Prove $ \int_ 0^\infty x^2\sin(x^4)dx$ converges.
It seems really close to the form of Fresnel integral $ \int_ 0^\infty \sin(x^2)dx$, which made me suspect it works the same.

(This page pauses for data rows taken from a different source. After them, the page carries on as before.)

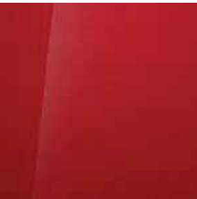
Dragon Red (SRF)
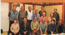
H21.4.6日 とん吉にて開催
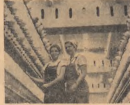
Toate întreprinderile industriale ale regiunii Iași și-au îndeplinit înainte de termen planul pe anul 1966. În foto: o imagine din secția filatură a Fabricii „Țesătura”.

● Din ultimele date soseite miercuri la Ministerul Industrii Metalurgice, rețese că planul producției de fontă prevăzut pentru acest an a fost îndeplinit la sfîrșitul primului schimb din această zi. Cantitatea de fontă realizată până acum este mai mare cu 8,8 la sută decît întreaga producție a anului 1965. Mai mult de jumătate din acest spor a fost realizat pe seama ridicării indicilor de utilizare a agregatelor.
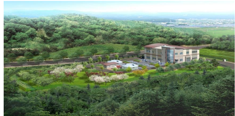
- 원주기업도시 폐수종말처리시설

Furthermore after entering some integrals in wolfarm alpha with some modification it seems that the integral $ \int_ 0^\infty x^k\sin x^{2n} dx$ converges when $k < 2n$, so an explanation why its starts to diverge when $k > 2n$ would be appreciated.
On
There is clearly no convergence issue near $0$ so we need only consider the convergence of $\int_ 1^\infty x^2\sin(x^4)dx$.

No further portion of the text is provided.